Dirk Zeller – Senior Scientist and Executive Director

B.Sc. Hons. (James Cook University)
Ph.D. (James Cook University)

Dr Dirk Zeller is the Senior Scientist and Executive Director of the Sea Around Us (www.seaaroundus.org). He directs research activities and co-directs strategic research and funding decisions with the Project Principle Investigator, Prof. Daniel Pauly. Dirk leads research on global catch reconstructions and Illegal, Unreported and Unregulated fishing, and engages in research on coral reef fisheries , ocean governance and fisheries policy. He collaborates closely with the Fisheries Economics Research Unit on issues in resource economics, with the Changing Ocean Research Unit on issues of climate change and fisheries, and with the UBC Faculty of Law on issues related to international maritime boundary law and the UN Law of the Sea Convention.

Dirk has over 250 scientific contributions, and published both in the primary literature (Nature, Science, PLoS ONE, Marine Policy, Marine Ecology Progress Series, Environmental Health Perspectives etc.) and in dedicated book chapters and research reports.
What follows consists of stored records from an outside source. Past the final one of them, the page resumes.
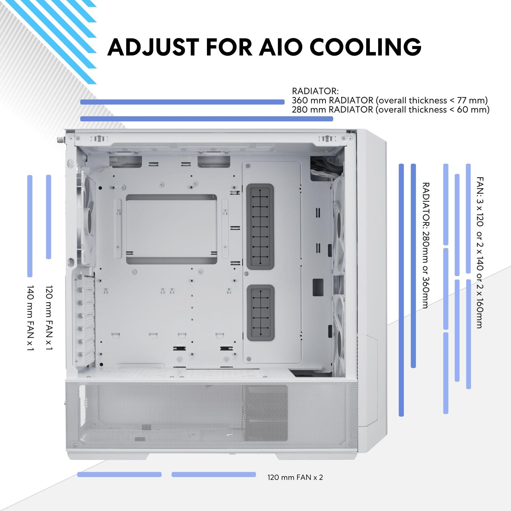 - Dotato di 2 ventole PWM frontali da 160 (ARGB o non RGB) e 1 ventola PWM posteriore da 140 mm; supporta radiatori a 360 gradi nella parte alta, anteriore e un max di 10 ventole; include una staffa posteriore per ventola PCIe; I/O anteriore che può essere riposizionato verso il basso; soluzione completa per la gestione dei cavi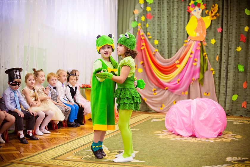 Наши воспитатели не устают проверять родителей на креативность). Костюм золотой рыбки для сына я уже придумывала, теперь настал черед Кати. Девочке моей досталась роль мамы-жабы в Дюймовочке.
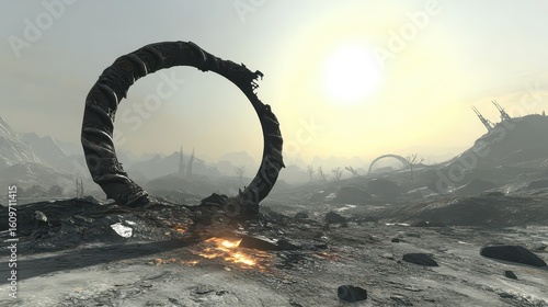 Fototapeta premium Surreal Landscape with Ancient Arch and Alien Horizon at Sunset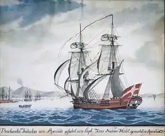 Fra 1790'erne findes skibsportrætter af danske skibe med Napoli og Vesuv som baggrund. De er malet i typisk italiensk stil, men den ukendte ophavsmand var fra Sønderjylland, måske Åbenrå. Fra Åbenrå kender man også Jes Jessen, der i 1792 og de følgende år malede skibe, der ofte havde Middelhavskyster som baggrund. I årene efter 1795 har man desuden portrætter udført af Jacob Petersen, der blev den mest produktive danske skibsportrætmaler.[5]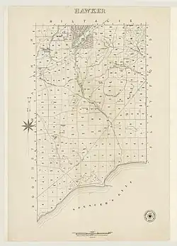 The Hundred of Hawker (33°43′31″S 136°45′20″E / 33.725170°S 136.755550°E / -33.725170; 136.755550 (Hundred of Hawker)) was proclaimed on 24 January 1878. It covers an area of 380 square kilometres (147 sq mi) and was named after George Charles Hawker, a former member of the South Australian Parliament. It is located almost entirely within the locality of Cowell with a portion on the Spencer Gulf coastline being in the locality of Port Gibbon.[25][15]
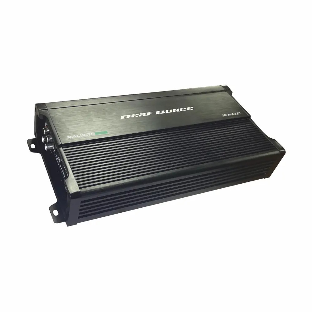 Le Deaf Bonce Machete MFA-2.320 est un amplificateur 2 canaux Class D haute performance conçu pour alimenter des haut-parleurs ou un subwoofer en mode pont. Avec sa puissance de 320W RMS par canal @ 4Ω (ou 960W RMS en mode pont), il offre une polyvalence maximale. Sa large bande passante de 20Hz à 20kHz et ses filtres actifs complets permettent une intégration optimale dans tous types de systèmes audio.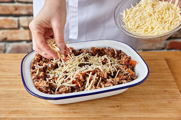Den Reisauflauf schließlich mit dem Reibekäse bestreuen und für ca. 10-12Min. goldbraun überbacken.

Dirk was co-awarded the 2012 UBC Innovative Dissemination of Research Award and the 2011 Ecological Society of
America Sustainability Science Award. He collaborates with scientists in Australia, Asia, Europe, the Americas, the Caribbean and Pacific. He represents the Sea Around Us at conferences and workshops throughout the world.

Dirk has a background in tropical marine biology and fisheries ecology from James Cook University, Australia, and has professional interests in sustainability, strategic and global policy developments and resource economics, as well as marine reserves and coral reef ecology.